Thursday, August 15, 2013

Cut Slippers

I bent down to take a battery cap – those blue plastic rings that people pull off of Chinese-made double D batteries – from the ground. Those battery caps are easy to find, particularly in the wet season when rain sweeps them across the sandy ground. Children gather them and tie them together on pieces of string to make rattles or jingling bracelets. The battery caps are also useful for mending broken flip-flops, or slippers, as they’re called in Sierra Leone.
My slippers were worn thin, the soles too flat and the strap that fits between your toes threatening to pull loose, or ‘cut’. I fixed the battery cap around the bottom of this strap so that it wouldn’t break away from the sole of the shoe. People may call slippers ‘toilet shoes,’ but they will still go through great lengths to preserve them. Even my slippers that had been mended with battery caps were not to be thrown away.
“Yu no de gimme da wan de?” someone asked if I wouldn’t give him my old slippers, seeing the new ones I had just purchased in the market. I was skeptical, wondering if he really wanted the old mended slippers, but he thanked me happily when I handed them over.
Normally, when slippers cut, you can slip the torn strap back through the worn out sole and continue to “manage” them, as they would say here. However, there are times when the strap severs completely and they cannot be repaired easily. In such instances, the only option is walking home barefoot. Once, as I walked to the Old Town junction to retrieve my cell phone from the charging station, the rubber stopper on the end of my sandal snapped off, thus rendering it damaged beyond the battery-cap-repair method. I was conscious that Sierra Leoneans believe it is shameful to walk barefoot, but I didn’t really care as I continued the last few steps to the junction.

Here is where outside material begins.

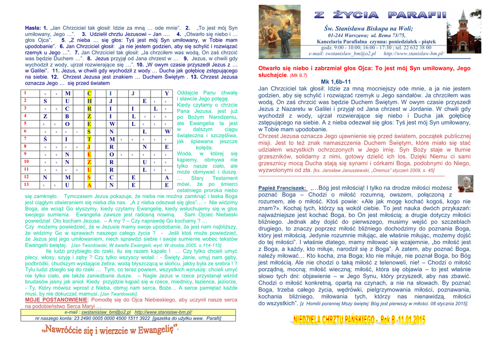 Hasła: 1. „Jan Chrzciciel tak głosił: Idzie za mną … ode mnie”. 2. „To jest mój Syn umiłowany, Jego …”. 3. Udzielił chrztu Jezusowi – Jan …. 4. „Otwarło się niebo i … głos Ojca”. 5. „Z nieba … się głos: Tyś jest mój Syn umiłowany, w Tobie mam upodobanie”. 6. Jan Chrzciciel głosił: „ja nie jestem godzien, aby się schylić i rozwiązać rzemyk u Jego …”. 7. Jan Chrzciciel tak głosił: „Ja chrzciłem was wodą, On zaś chrzcić was będzie Duchem …”. 8. Jezus przyjął od Jana chrzest w … 9. Jezus, w chwili gdy wychodził z wody, ujrzał rozwierające się …”. 10. „W owym czasie przyszedł Jezus z … w Galilei”. 11. Jezus, w chwili gdy wychodził z wody … Ducha jak gołębicę zstępującego na siebie. 12. Chrzest Jezusa jest znakiem … Duchem Świętym . 13. Chrzest Jezusa oznacza Jego … się przed światem Oddajcie Panu chwałę i sławcie Jego potęgę. Kiedy czytamy o chrzcie 3 x x I L x Pana Jezusa, jest już 4 x Z Ł x x po Bożym Narodzeniu, 5 ale Ewangelia ta jest x x x x L x dalszym ciągu 6 x x x x Ł W w świąteczna i szczęśliwa, 7 x x x x x Ś I jak śpiewana jeszcze 8 x x x x N E kolęda. 9 Woda, w której się x x x x x x x N kąpiemy, obmywa nie 10 x x x N U x tylko nasze ciało, ale 11 x x x x x Ł x może obmywać i duszę. 12 N M E A … Stary Testament 13 x x U E E mówi, że po śmierci ostatniego proroka niebo się zamknęło. Tymczasem Jezus pokazuje, że nieba nie można zamknąć i łaska Boga jest ciągłym otwieraniem się nieba dla nas. „A z nieba odezwał się głos”… - Nie widzimy Boga, ale wciąż Go słyszymy, kiedy czytamy Ewangelię, kiedy wsłuchujemy się w glos swojego sumienia. Ewangelia zawsze jest radosną nowiną. Sam Ojciec Niebieski powiedział: Oto kocham Jezusa. – A my ? – Czy naprawdę Go kochamy ? … Czy możemy powiedzieć, że w Jezusie mamy swoje upodobanie, że jest nam najbliższy, że widzimy Go w sprawach naszego całego życia ? - Jeśli ktoś może powiedzieć, że Jezus jest jego umiłowaniem, niech sprawdzi siebie i swoje sumienie wobec tekstów Ewangelii świętej. [Jan Twardowski, W świetle Ewangelii, wyd. W drodze 2005. s.114-115]. Ile ludzi przybiegło do rzeki, ilu się razem kąpało ! … Czy tylko chcieli umyć plecy, włosy, szyję i zęby ? Czy tylko wszyscy wołali : - Święty Janie, umyj nam gęby, podbródki, chudszym wystające żebra, wodą błyszczącą w słońcu, jakby była ze srebra ! ? Tylu ludzi zbiegło się do rzeki … Tym, co teraz powiem, wszystkich wzruszę: chcieli umyć nie tylko ciało, ale także zaniedbane dusze. – Nagle Jezus w rzece przystanął wśród brudasów jasny jak anioł. Kiedy przyjdzie kąpać się w rzece, miednicy, łazience, jeziorze, - Ty, Który mówisz wprost z Nieba, obmyj nam serca, Boże… A serce pamiętać każde musi, by nie dokuczać mamusi. [Jan Twardowski]. MOJE POSTANOWIENIE: Pomodlę się do Ojca Niebieskiego, aby uczynił nasze serca na podobieństwo Serca Maryi … 1 x 2 S x M U C B O C H R Z E S T J E Z U S A I J I I W N M R O R R C N J Y E x x e-mail : [email protected] http://www.stanislaw-bm.pl/ nr naszego konta: 23 2490 0005 0000 4500 1511 3922 [gazetka do użytku wew. Parafii] Św. Stanisława Biskupa na Woli; . 01-244 Warszawa; ul. Bema 73/75, Kancelaria Parafialna czynna: poniedziałek - piątek godz. 9:00 - 10:00; 16:00 - 17:30 ; tel. 22 632 38 00 e-mail: [email protected] http://www.stanislaw-bm.pl/ Otwarło się niebo i zabrzmiał głos Ojca: To jest mój Syn umiłowany, Jego słuchajcie. (Mk 9,7) Mk 1,6b-11 Jan Chrzciciel tak głosił: Idzie za mną mocniejszy ode mnie, a ja nie jestem godzien, aby się schylić i rozwiązać rzemyk u Jego sandałów. Ja chrzciłem was wodą, On zaś chrzcić was będzie Duchem Świętym. W owym czasie przyszedł Jezus z Nazaretu w Galilei i przyjął od Jana chrzest w Jordanie. W chwili gdy wychodził z wody, ujrzał rozwierające się niebo i Ducha jak gołębicę zstępującego na siebie. A z nieba odezwał się głos: Tyś jest mój Syn umiłowany, w Tobie mam upodobanie. Chrzest Jezusa oznacza Jego ujawnienie się przed światem, początek publicznej misji. Jest to też znak namaszczenia Duchem Świętym, które miało się stać udziałem wszystkich ochrzczonych w Jego imię. Syn Boży staje w tłumie grzeszników, solidarny z nimi, gotowy dzielić ich los. Dzięki Niemu ci sami grzesznicy mocą Ducha stają się synami i córkami Boga, podobnymi do Niego, wyzwolonymi od zła. [ks. Jarosław Januszewski, „Oremus” styczeń 2009, s. 45] ----------------------------------------------------------------------------------------------------------------------- Papież Franciszek: „…Bóg jest miłością! I tylko na drodze miłości możesz poznać Boga – Chodzi o miłość rozumną, owszem, połączoną z rozumem, ale o miłość. Ktoś powie: «Ale jak mogę kochać kogoś, kogo nie znam?». Kochaj tych, którzy są wokół ciebie. To jest nauka dwóch przykazań: najważniejsze jest kochać Boga, bo On jest miłością; a drugie dotyczy miłości bliźniego. Jednak aby dojść do pierwszego, musimy wejść po szczeblach drugiego, to znaczy poprzez miłość bliźniego dochodzimy do poznania Boga, który jest miłością. Jedynie rozumnie miłując, ale właśnie miłując, możemy dojść do tej miłości”. I właśnie dlatego, mamy miłować się wzajemnie, „bo miłość jest z Boga, a każdy, kto miłuje, narodził się z Boga”. A zatem, aby poznać Boga, należy miłować… Kto kocha, zna Boga; kto nie miłuje, nie poznał Boga, bo Bóg jest miłością. Ale nie chodzi o taką miłość z telenoweli, nie! – Chodzi o miłość porządną, mocną; miłość wieczną; miłość, która się objawia – to jest właśnie słowo tych dni: objawienie – w Jego Synu, który przyszedł, aby nas zbawić. Chodzi o miłość konkretną, opartą na czynach, a nie na słowach. By poznać Boga, trzeba całego życia, wędró

Two of my students, however, happened to have witnessed the breaking of my slipper. Abu Sedik pulled off his own slippers and told me to take them. He said he would go home with the broken ones. “No, no!” I tried to protest, but Abubakar Bockarie gave me a horrified look and informed me the ground was cold from the rain. Clearly walking across cold ground with bare feet is dangerous to your health and highly unadvised. . . What could I have been thinking?